Design and Methods: A retrospective record review was performed on 40 children with HS. Demographics, age at diagnosis, presenting features, history of complications, hospitalizations and medications were reviewed. Transfusion, neonatal and family history and spleen status were reviewed. All laboratory data at diagnosis and thereafter were revised.
Results: Five (12.5%) cases were mild, 22 (55%) were moderate and 13 (32.5%) of our patients were severe HS. Nine (22.5%) cases presented during the first year of life. Patients presented with intermittent jaundice in 34 (85%), pallor in 36 (90%), dark colored urine in 8 (20%) and abdom-inal distention in 10 (25%). The commonest sign was sple-nomegaly (87.5%), hepatomegaly 18 (45%), cholelithiasis in 3 (7.5%). Blood transfusion at the time of diagnosis was needed in 25 (62.5%) patients. At presentation, the hemoglobin ranged from 3.0-11.0g/dl, reticulocytosis was present in all cases. Spherocytes were seen in 82.5% and Osmotic fragility test (OFT) was positive in 50%. AGLT was performed for 29 cases and was positive in 89.5%. HbF level was seen in 10 cases. Ten (25%) cases were splenectomized and 9/10 required no blood transfusion thereafter and all had no reported com-plications after splenectomy.

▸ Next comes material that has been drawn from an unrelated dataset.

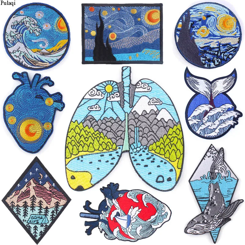 Пулаки пустыня патч волны горы патчи для одежды путешественник панк Сердце Ван Гог полосы вышитые патчи для одежды

Conclusions: Hereditary spherocytosis is not a rare disease in Egypt with its natural history nearly similar to that reported worldwide. However, severe HS was found to be more common among our cases. Gall stones and hypersplenism are the commonest complications. Splenectomy was the most effective and safe line of management of severe cases.